Broad-leaved evergreen trees create urban forests for mitigation of climate warming and adsorption of particulate matter (PM). This study was performed to identify the species suitable for urban greening by examining the adsorption capacity of the evergreen species in urban areas in Korea, the adsorption points and the elemental composition of PM in the adsorbed tree. Leaf sampling was carried out four times (period of seven months from October 2017 to May 2018) and used after drying (period 28 to 37 days). Particulate matter (PM) was classified and measured according to size PM2.5 (0.2–2.5 μm), PM10 (2.5–10 μm), PM100 (10–100 μm). The total amount of PM adsorbed on the leaf surface was highest in Pinus densiflora (24.6 μg∙cm−2), followed by Quercus salicina (47.4 μg∙cm−2). The composition of PM adsorbed by P. densiflora is 4.0% PM2.5, 39.5% PM10 and 56.5% PM100, while those adsorbed by Q. salicina are evergreen at 25.7% PM2.5, 27.4% PM10 and 46.9% PM100. When the amount of PM adsorbed on the leaf was calculated by LAI, the species that adsorbed PM the most was P. densiflora, followed by Q. salicina, followed by Q. salicina in the wax layer, then P. densiflora. As a result of this study, the amount of PM adsorbed per unit area of leaves, and the amount of PM calculated by LAI, showed a simpler pattern. The hardwoods had a high adsorption rate of PM2.5. The adsorption ratio of ultra-fine PM2.5 by evergreen broad-leaved trees was greater than that of coniferous trees.
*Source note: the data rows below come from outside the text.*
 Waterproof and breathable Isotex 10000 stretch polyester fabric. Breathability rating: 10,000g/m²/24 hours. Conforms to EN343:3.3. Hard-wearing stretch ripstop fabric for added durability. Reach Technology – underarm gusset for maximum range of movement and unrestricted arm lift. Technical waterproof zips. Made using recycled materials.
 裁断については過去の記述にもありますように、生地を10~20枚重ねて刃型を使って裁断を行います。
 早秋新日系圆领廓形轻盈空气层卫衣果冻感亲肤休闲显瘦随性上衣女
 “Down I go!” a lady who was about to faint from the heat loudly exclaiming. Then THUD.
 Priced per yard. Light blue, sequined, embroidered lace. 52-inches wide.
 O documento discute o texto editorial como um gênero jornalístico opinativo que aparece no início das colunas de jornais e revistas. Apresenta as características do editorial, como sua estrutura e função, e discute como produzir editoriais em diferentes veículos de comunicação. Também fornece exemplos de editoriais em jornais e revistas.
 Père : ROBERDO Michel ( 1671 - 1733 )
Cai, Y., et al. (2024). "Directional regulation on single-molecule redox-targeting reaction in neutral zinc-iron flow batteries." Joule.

Therefore, broad-leaved evergreens such as Q. salicina are considered very suitable as species for adsorbing PM in the city. PM2.5 has been shown to be adsorbed through the pores and leaves of trees, indicating that the plant plays an important role in alleviating PM in the atmosphere. As a result of analyzing the elemental components of PM accumulated on leaf leaves by scanning electron microscopy (SEM)/ energy dispersive x-ray spectroscopy (EDXS) analysis, it was composed of O, C, Si, and N, and was found to be mainly generated by human activities around the road. The results of this study provide basic data regarding the selection of evergreen species that can effectively remove aerial PM. It also highlights the importance of evergreen plants for managing PM pollution during the winter and provides insights into planning additional green infrastructure to improve urban air quality.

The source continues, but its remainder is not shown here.